Otherwise, it is perfectly OK to not have the primary key in the partition key -- just bear in mind that in order to do uniqueness your index used to enforce the primary key will be a globally partitiond index -- not local.

2) If there is no natural "ah-hah -- this is the partition key" set of columns, you are probably a candidate for HASH partitioning.

Normally, the partition key falls out very naturally, by region, by time, by code, etc. If not -- hash partitioning might be for you. You would have to look at your table and how you use it to determine this.

3) any number

in a data warehouse -- local indexes should be used and global should be avoided. Otherwise, it depends on HOW you use the data.

4) yes. most any partition level operation will invalidate a global index (split, merge, drop)

5) when you exchange a table with a partitionn, if the table has all of the indexes that support the local indexes built, they can be swapped as well. All global indexes on the partitioned table will become invalid after the switch -- they need to have some data from this new partition merged into them and will have to be rebuilt.

Rating

  (17 ratings)

Is this answer out of date? If it is, please let us know via a Comment

Comments

What if partitions resides on same tablespace

Shailandra, October 09, 2001 - 5:36 pm UTC

Tom

1. Will there be any performance improvement, in case table is partitioned having all partition on same tablespace compared to non-partitioned table. How does oracle parallelize fetch operation when all partitions exists on the same tablespace? I mean when one person fetching records from one partitions and another person from another partition.
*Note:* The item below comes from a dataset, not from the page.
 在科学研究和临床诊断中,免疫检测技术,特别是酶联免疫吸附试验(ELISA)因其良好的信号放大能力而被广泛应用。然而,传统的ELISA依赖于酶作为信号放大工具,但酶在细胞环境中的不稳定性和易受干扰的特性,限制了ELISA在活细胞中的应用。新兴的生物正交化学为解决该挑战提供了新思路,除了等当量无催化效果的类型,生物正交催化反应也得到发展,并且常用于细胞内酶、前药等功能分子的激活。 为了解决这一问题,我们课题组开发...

2. Could updation of partition key be an important criteria? Suppose you choose a partition a table on a partition key, which is a frequently updated in the table. This may cause some overhead in terms of moving the row from one partition to another partition. This may also cause invalidation of global indexes.

Thanks

Tom Kyte
October 09, 2001 - 7:29 pm UTC

1) its not the TABLESPACE so much as the distribution of IO across your disks.

A tablespace may consist of many files -- each file can be on a separate disk. You can spread IO out by using >1 file in a tablespace.
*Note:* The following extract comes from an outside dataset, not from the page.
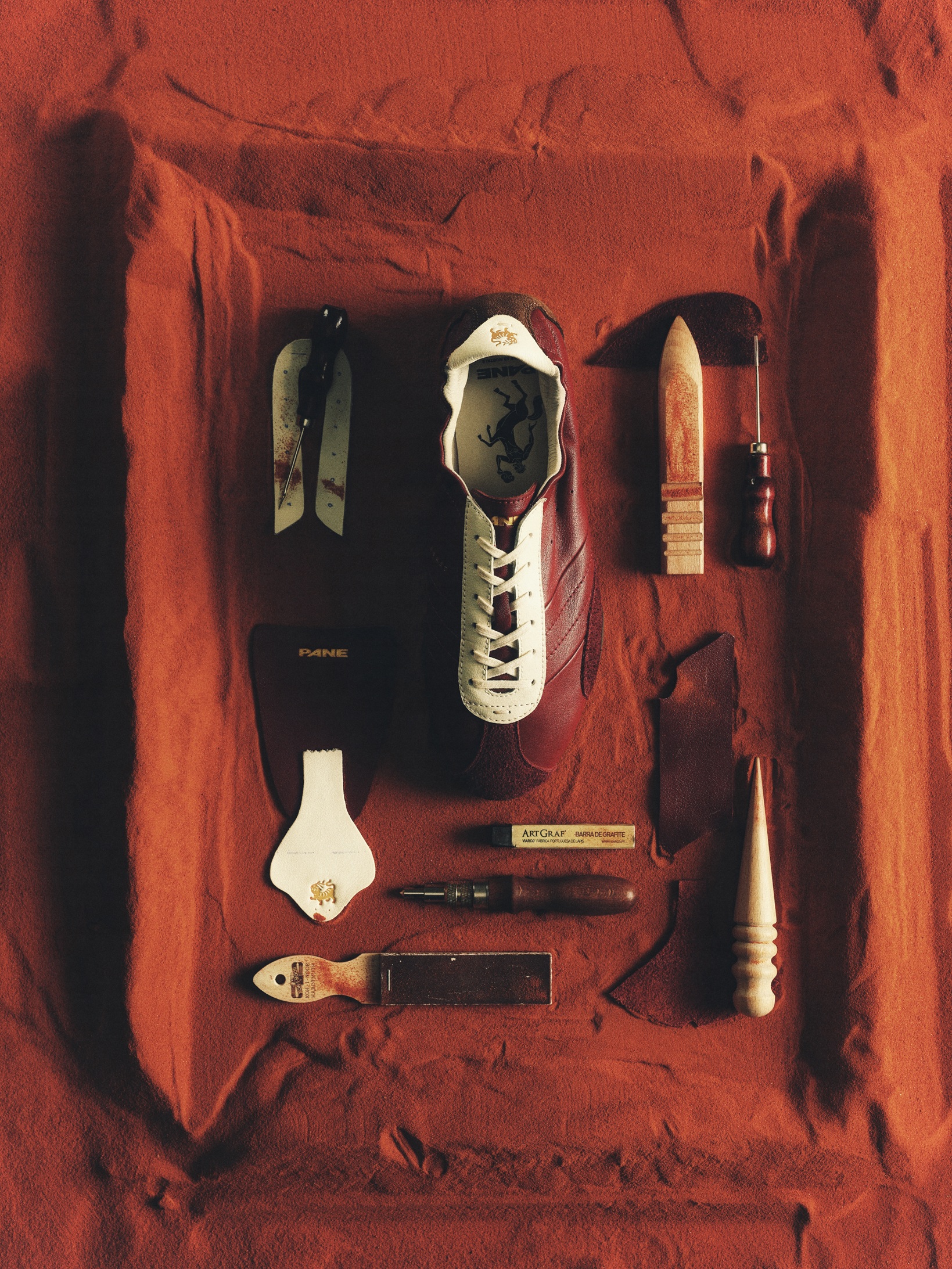 活动空间中同步呈现草药档案图集,系统梳理绿松灵、金暖酥、玫芝露、灵龙参、安辛檀等核心草本的来源与感官特质;另一侧的 PANE 工坊档案,则完整展示一双鞋履从手绘设计稿开始,经历皮料甄选、鞋楦调整、缝线裁切与抛光轮反复打磨的过程,呈现品牌在“风格与舒适”之间的持续探索。

Whether you have a multi-partition table in a single tablespace with many disks versus a non-partitioned table in a single tablespace with many disks won't matter too much performance wise.

Using >1 tablespace with a partitioned table gives you better abilities to place specific bits of data here and there, gives you higher availability, better recovery and so on. If you are using partitioning, there are good reasons to use more then one tablespace but performance is not necessarily the driving factor here.

2) it will NOT invalidate a global index (updating a partition key). Partition level operations like add, drop, split, merge -- those will invalidate the global index. A simple update -- not a chance.

Yes, a partition key that is modifiable and is in fact modified will add overhead. The update will be more like a delete/insert rather then an update as the data must move from partition to partition sometimes. It should be avoided but it is supported when you need it.

criteria for selecting a partition key

jack, June 15, 2003 - 1:11 am UTC

Hi,
we are having an order entry system and key columns in this table are

order_id (PK)
customer_id,
order_date,
order_status .....and so on.

Typically our batch programs use order_date and order_status(90% order_status column and status for an order can move to 3-4 status's based on the processing steps) combination to process the orders.
But our UI programs (99%) use customer_id to display the orders inforamation.
Can you pl. suggest me in which way to partition this table and what columns I need to include for better batch and UI response .
thanks


Tom Kyte
June 15, 2003 - 9:43 am UTC

your UI programs will be doing keyed reads by customer_id.

your batch won't.

partition the table for batch.

create a globally partitioned index for UI based on customer_id.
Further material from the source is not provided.